This is a demo project for the "ClickHouse for Symfony Developers" talk presented at SymfonyCon 2025.

Overview

This project demonstrates how to integrate ClickHouse with Symfony applications and compares its performance against traditional relational databases (PostgreSQL, MySQL, MariaDB) and Elasticsearch for analytical workloads.

How Benchmark Commands Work

The benchmark suite provides a systematic way to compare query performance across different database engines.
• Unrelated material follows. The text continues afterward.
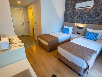 Достаточно отзывчивый персонал. Общее впечатление «нормально», но второй раз в этот отель мы бы не вернулись. Была возможность заселения раньше, но категория номера не соответствовала бронированию. Переселение за дополнительную плату. Неплохая еда.

Here's how it works:

1. Setup Phase (benchmark:setup-tables)

Creates identical table schemas across all supported databases:

  • PostgreSQL, MariaDB, MySQL: Creates a test_int_32 table with columns for id (auto-increment), datetime (timestamp), and intValue (integer), along with an index on the datetime column
  • Elasticsearch: Creates an index test_int_32 with mappings for datetime and intValue fields
  • ClickHouse: Creates a test_int_32 table using the MergeTree engine, ordered by datetime

Usage:

bin/console benchmark:setup-tables [--force]
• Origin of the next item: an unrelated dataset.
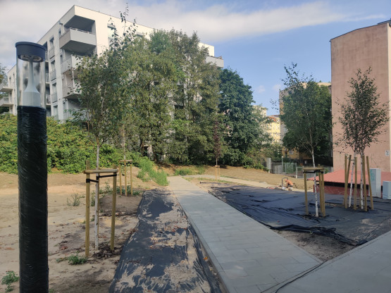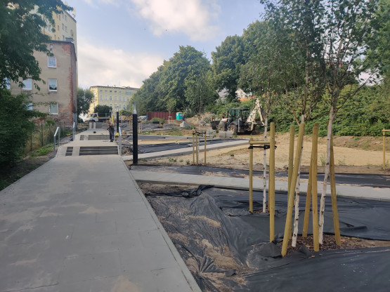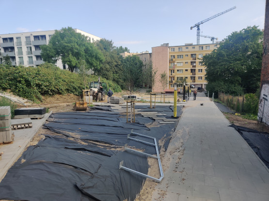 Trwa przebudowa terenu przy ulicy Dubois. Teren został uporządkowany, a wykonawcy czekają obecnie na dostawę elementów – zarówno małej architektury, jak i większych urządzeń.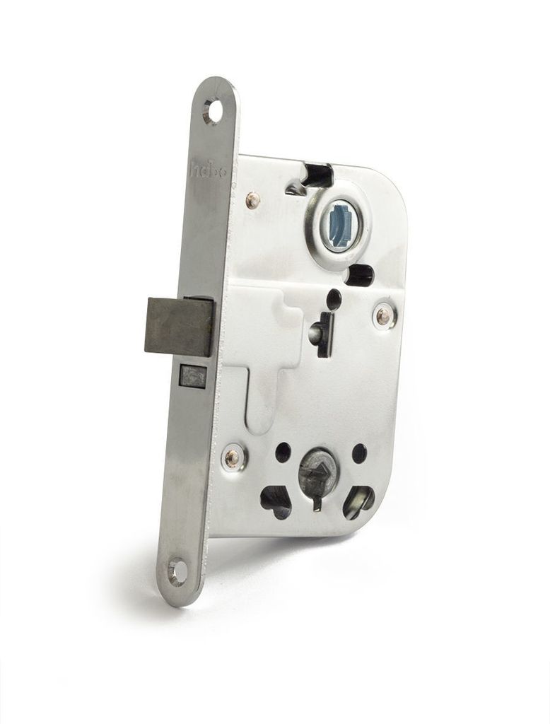 Låshus av stål för symmetrisk montering på innerdörrar. Passar för såväl höger- som vänsterhängda dörrar genom vändbart tryckesfall.

The --force option drops existing tables/indices before creating new ones.

2. Data Generation Phase (benchmark:fill-tables)
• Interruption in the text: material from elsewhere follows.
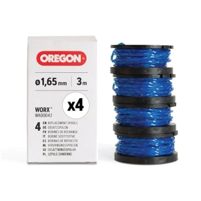 𝗥𝗘𝗣𝗟𝗔𝗖𝗘𝗠𝗘𝗡𝗧 𝗙𝗜𝗧: Designed to replace the Worx WA0004.1. With the pre-filled 1.65mm strimmer spool replacement, upgrade your strimmer in 3 easy steps - remove, snap in, and trim 𝗙𝗜𝗧𝗦 𝗪𝗢𝗥𝗫: This strimmer spool is compatible with popular Worx models including WG154Z, WG157E, WG169E, WG163E, WP164E, and WP165E, allowing for quick spool replacement 𝗨𝗣𝗚𝗥𝗔𝗗𝗘 𝗬𝗢𝗨𝗥 𝗚𝗥𝗔𝗦𝗦 𝗦𝗧𝗥𝗜𝗠𝗠𝗘𝗥: With Oregon Gatorline square twist strimmer line, delivering consistent results, lasts longer and reduces line breakage to tackle thick grass, weeds, and heavy trimming jobs with ease 𝗦𝗤𝗨𝗔𝗥𝗘-𝗧𝗪𝗜𝗦𝗧 𝗗𝗘𝗦𝗜𝗚𝗡: This square twisted pre-wound line helps reduce vibration, noise and drag, allowing for smoother strimming and efficient cutting, great for lightweight & battery strimmers 𝗢𝗥𝗘𝗚𝗢𝗡 𝗤𝗨𝗔𝗟𝗜𝗧𝗬: Oregon products are trusted worldwide since 1947 for their quality performance, durability and convenience, to make your experience of home and garden work easier and efficient, Weight: 0.2645547144 Pounds, Manufacturer: Oregon

Generates and inserts time-series data across all databases:

  • Generates data points evenly distributed across a time range (default: last 24 hours)
  • Each data point contains a timestamp and a random integer value
  • Supports configurable batch sizes for efficient bulk inserts
  • Measures insertion performance (duration and points/second) for each database

Performance optimizations:

  • SQL databases: Drops indexes before insertion, uses multi-value INSERT statements with transactions, then recreates indexes
  • Elasticsearch: Uses the Bulk API with parallel requests (up to 100 concurrent requests)
  • ClickHouse: Uses JSONEachRow format for efficient bulk inserts with parallel requests

Usage:

bin/console benchmark:fill-tables \
  --datetime-from="-1 day" \
  --quantity=1_000_000 \
  --batch-size=1_000 \
  --db=clickhouse,postgresql

Options:

  • --datetime-from: Start datetime (e.g., "-1 day", "-2 hours", "2025-11-12 14:30:00")
  • --quantity: Number of data points to insert (supports underscore formatting, max 10,000,000)
  • --batch-size: Number of rows per batch (supports underscore formatting)
  • --db: Specific database(s) to fill (comma-separated). Options: postgresql, mariadb, mysql, elasticsearch, clickhouse

3. Query Benchmarks

Simple Aggregation (benchmark:query-avg)

Tests basic aggregation performance by calculating the average of intValue across all databases:

  • Executes AVG() and COUNT() queries with a date range filter
  • Measures query execution time in milliseconds
  • Compares performance across all engines

Usage:

bin/console benchmark:query-avg --datetime-from="-1 day"

Windowed Aggregation (benchmark:query-avg-by-window)

Tests time-series aggregation by calculating averages grouped by time windows:

  • Uses database-specific time bucketing functions:
    • PostgreSQL: to_timestamp(floor(extract(epoch from datetime) / window) * window)
    • MySQL/MariaDB: FROM_UNIXTIME(FLOOR(UNIX_TIMESTAMP(datetime) / window) * window)
    • Elasticsearch: Date histogram aggregation with fixed_interval
    • ClickHouse: toStartOfInterval(datetime, INTERVAL window SECOND)
  • Groups data into time windows (e.g., 1 hour, 15 minutes)
  • Returns average value and count for each window

Usage:

bin/console benchmark:query-avg-by-window \
  --datetime-from="-1 day" \
  --window="1 hour"

Window format examples: "1 day", "2 hours", "30 minutes", "15 minutes"

Use -v flag to see detailed results for each window.

4. Performance Summary

After each benchmark, a performance summary table is displayed showing:

  • Engine name
  • Duration (in milliseconds)
  • Throughput (for inserts: points/second, for queries: rows scanned)
  • vs Fastest (percentage comparison to the fastest engine)

This makes it easy to visually compare the performance characteristics of different databases for analytical workloads.

Additional Features

Real-time Application Monitoring

This project includes a real-time monitoring system that demonstrates ClickHouse's capabilities for observability use cases:

Setup Monitoring (app:setup-monitoring-table)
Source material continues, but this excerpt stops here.